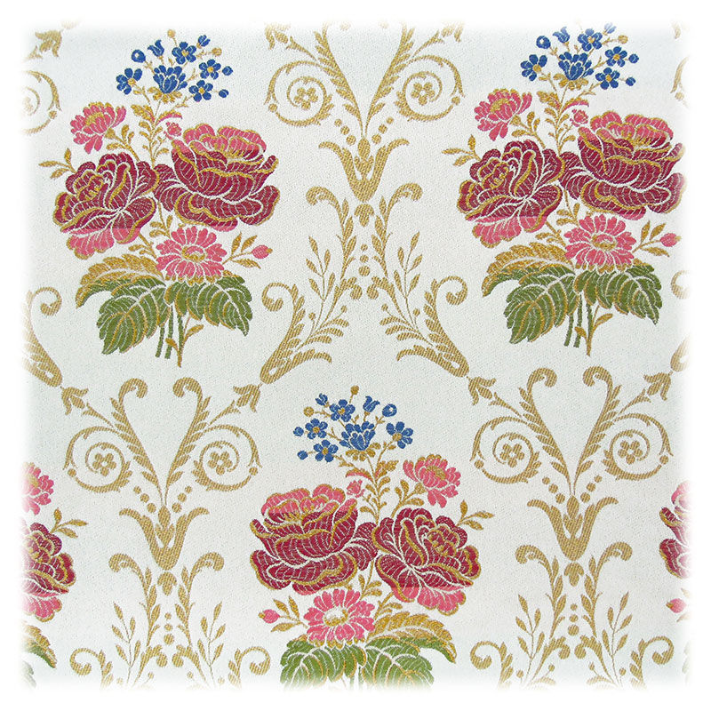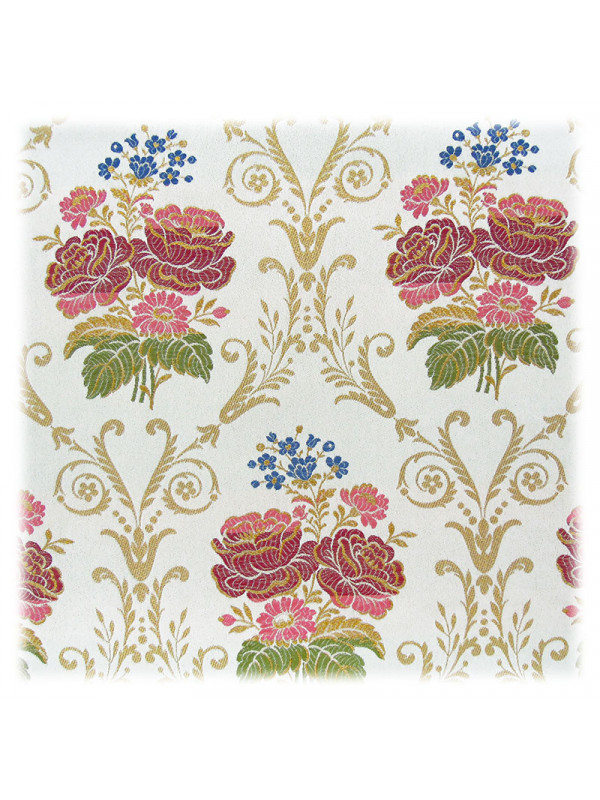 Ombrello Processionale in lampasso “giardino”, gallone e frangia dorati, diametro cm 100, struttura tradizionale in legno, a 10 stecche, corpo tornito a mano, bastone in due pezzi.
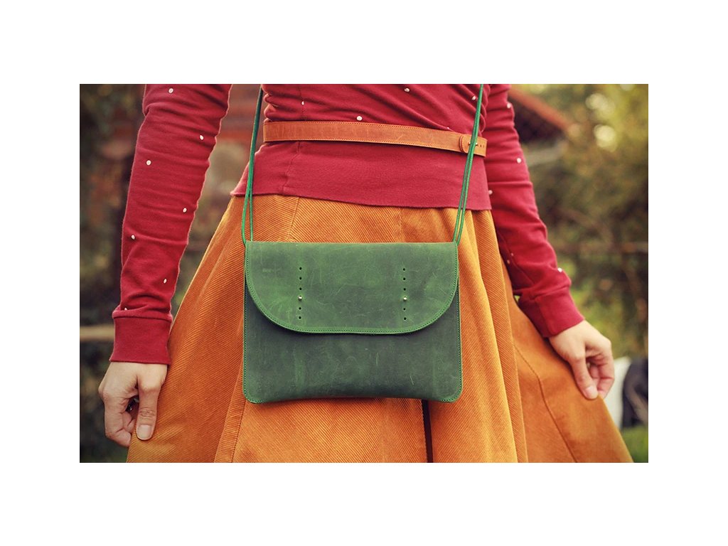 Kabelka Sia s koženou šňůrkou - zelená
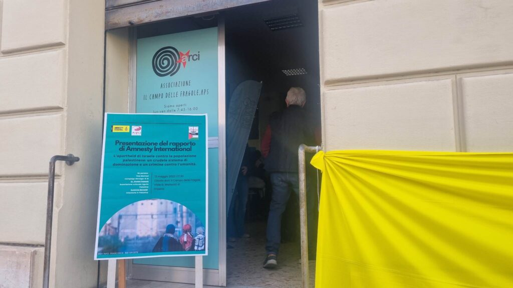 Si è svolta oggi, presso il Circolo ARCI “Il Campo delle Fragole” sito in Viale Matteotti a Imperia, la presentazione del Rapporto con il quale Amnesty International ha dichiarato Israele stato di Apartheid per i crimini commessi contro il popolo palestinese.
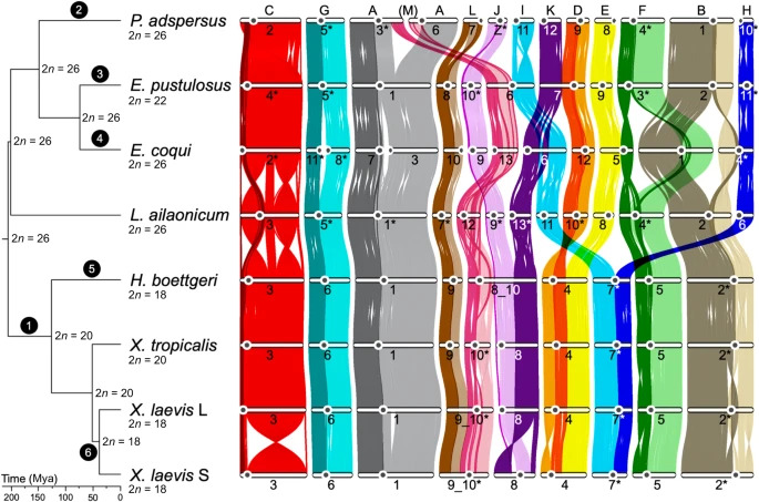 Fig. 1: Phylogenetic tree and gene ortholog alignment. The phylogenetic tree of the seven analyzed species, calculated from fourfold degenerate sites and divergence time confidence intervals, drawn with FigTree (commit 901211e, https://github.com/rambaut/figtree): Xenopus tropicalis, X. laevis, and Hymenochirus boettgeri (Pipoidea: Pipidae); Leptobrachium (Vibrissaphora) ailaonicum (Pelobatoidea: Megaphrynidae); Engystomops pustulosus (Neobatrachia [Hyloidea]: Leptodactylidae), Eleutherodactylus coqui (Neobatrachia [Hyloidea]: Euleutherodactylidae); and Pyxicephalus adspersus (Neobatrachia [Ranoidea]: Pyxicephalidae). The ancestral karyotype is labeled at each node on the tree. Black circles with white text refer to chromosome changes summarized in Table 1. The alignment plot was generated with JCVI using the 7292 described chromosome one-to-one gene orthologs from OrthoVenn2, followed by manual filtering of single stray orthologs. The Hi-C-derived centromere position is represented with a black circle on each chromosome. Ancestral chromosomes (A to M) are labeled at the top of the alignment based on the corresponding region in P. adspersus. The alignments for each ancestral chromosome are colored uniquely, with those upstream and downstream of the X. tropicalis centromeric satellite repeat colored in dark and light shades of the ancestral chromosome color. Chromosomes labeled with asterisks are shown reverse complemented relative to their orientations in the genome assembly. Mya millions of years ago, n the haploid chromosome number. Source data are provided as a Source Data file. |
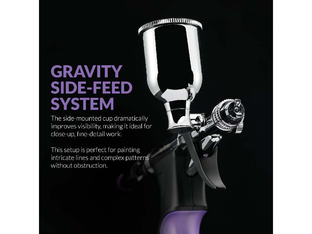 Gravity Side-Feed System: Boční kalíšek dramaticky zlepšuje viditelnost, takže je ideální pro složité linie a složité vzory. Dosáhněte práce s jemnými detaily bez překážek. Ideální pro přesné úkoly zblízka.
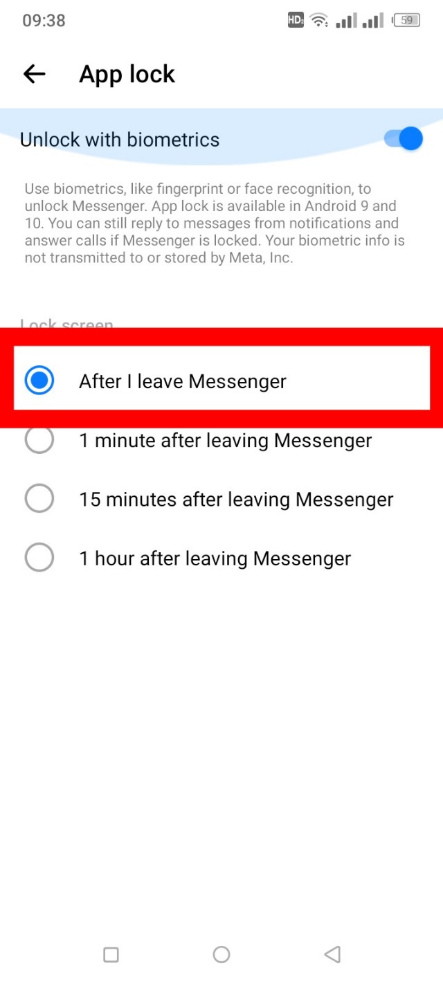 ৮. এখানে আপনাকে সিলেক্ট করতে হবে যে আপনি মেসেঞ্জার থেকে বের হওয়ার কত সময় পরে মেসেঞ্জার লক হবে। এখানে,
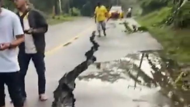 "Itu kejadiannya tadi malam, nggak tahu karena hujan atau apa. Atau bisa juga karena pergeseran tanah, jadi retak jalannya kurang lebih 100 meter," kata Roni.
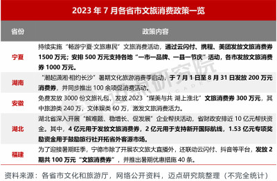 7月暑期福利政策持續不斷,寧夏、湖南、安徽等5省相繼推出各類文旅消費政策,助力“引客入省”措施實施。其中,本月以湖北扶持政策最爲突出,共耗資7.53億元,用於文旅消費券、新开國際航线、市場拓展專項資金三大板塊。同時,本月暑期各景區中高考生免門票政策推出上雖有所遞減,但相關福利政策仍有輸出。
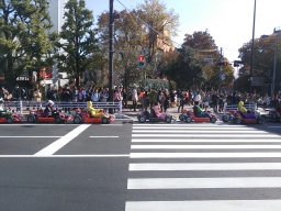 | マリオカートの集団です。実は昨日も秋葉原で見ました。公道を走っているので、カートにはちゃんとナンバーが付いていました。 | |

--

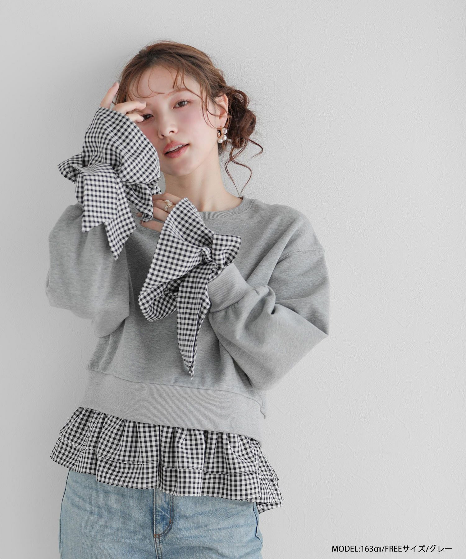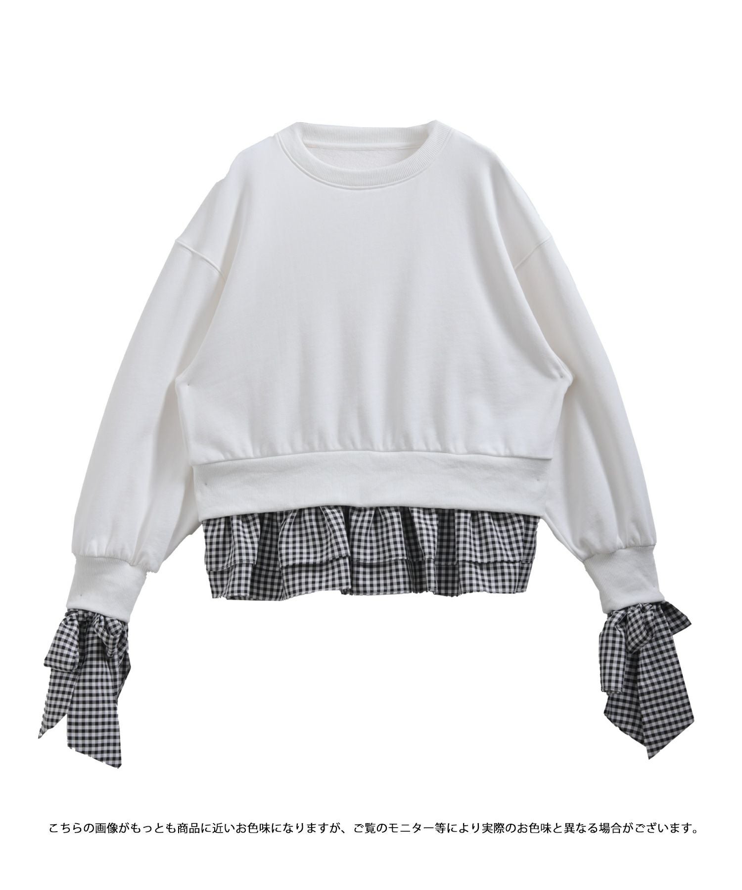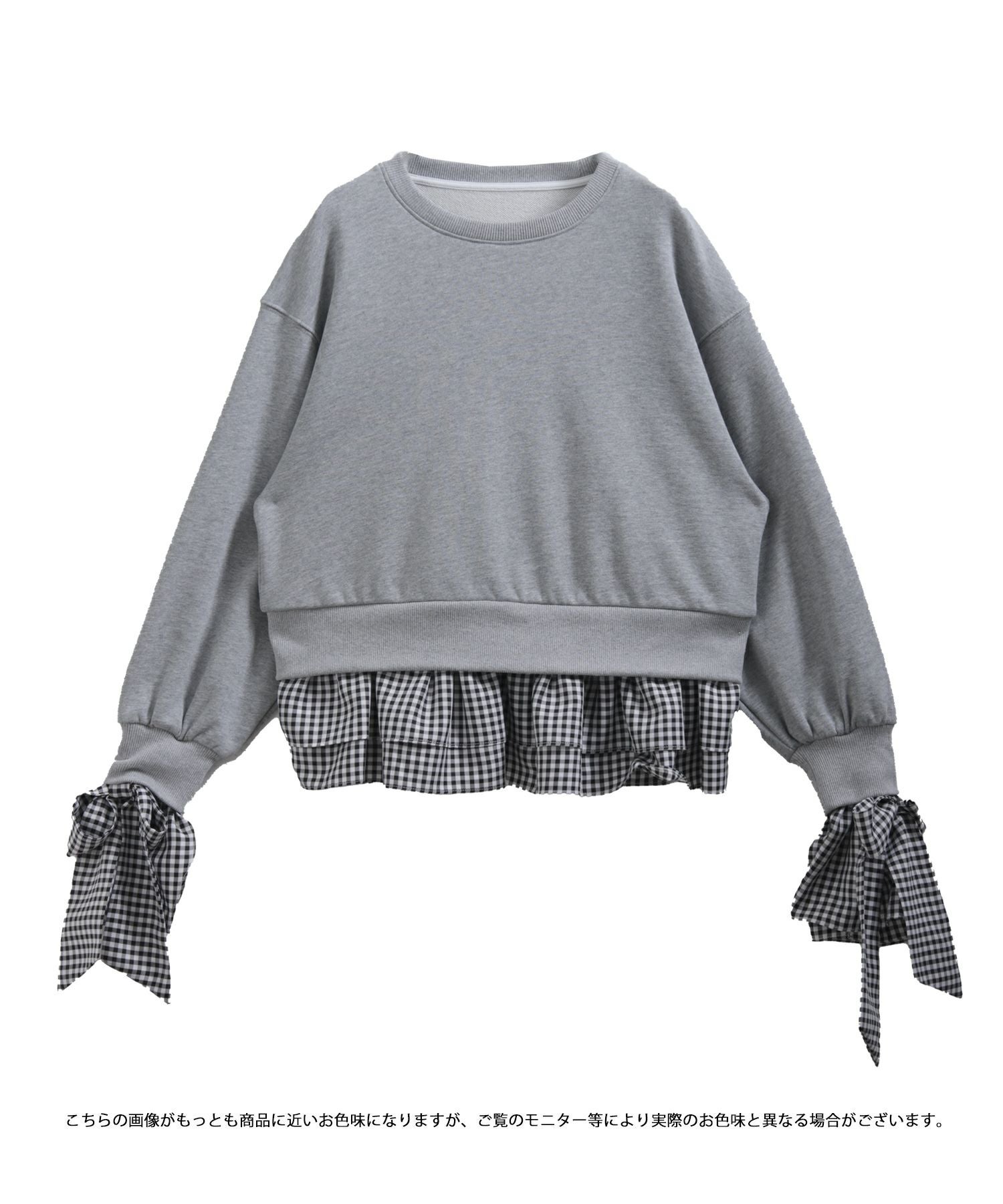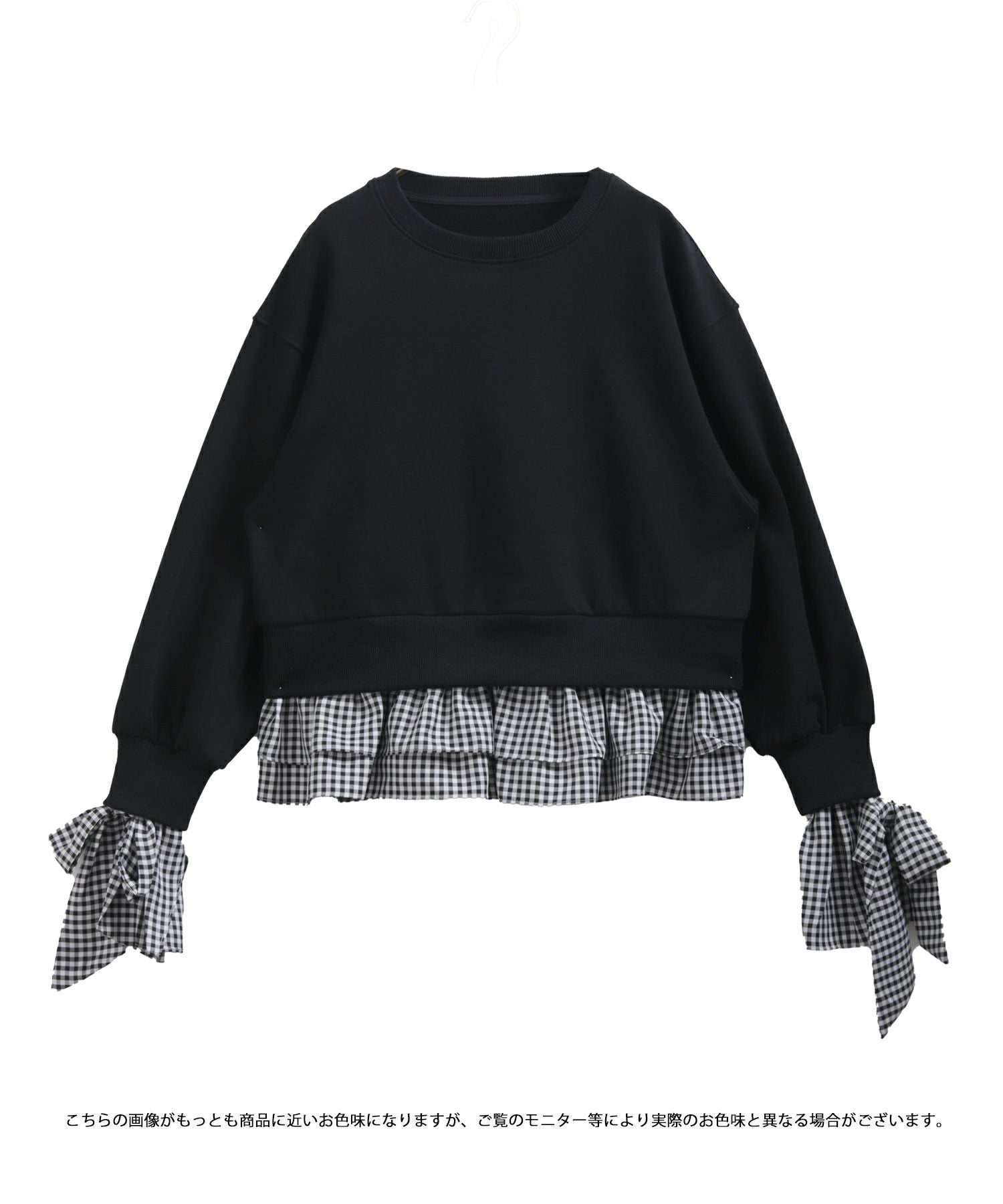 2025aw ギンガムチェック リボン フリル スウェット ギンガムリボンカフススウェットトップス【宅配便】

— Action item —
Write out again exactly the lines above from the one with "৮. এখানে আপনাকে" through the one with "7月暑期福利政策持續不斷,寧", adding no other lines and no pictures.

— Response —
 ৮. এখানে আপনাকে সিলেক্ট করতে হবে যে আপনি মেসেঞ্জার থেকে বের হওয়ার কত সময় পরে মেসেঞ্জার লক হবে। এখানে,
 "Itu kejadiannya tadi malam, nggak tahu karena hujan atau apa. Atau bisa juga karena pergeseran tanah, jadi retak jalannya kurang lebih 100 meter," kata Roni.
 7月暑期福利政策持續不斷,寧夏、湖南、安徽等5省相繼推出各類文旅消費政策,助力“引客入省”措施實施。其中,本月以湖北扶持政策最爲突出,共耗資7.53億元,用於文旅消費券、新开國際航线、市場拓展專項資金三大板塊。同時,本月暑期各景區中高考生免門票政策推出上雖有所遞減,但相關福利政策仍有輸出。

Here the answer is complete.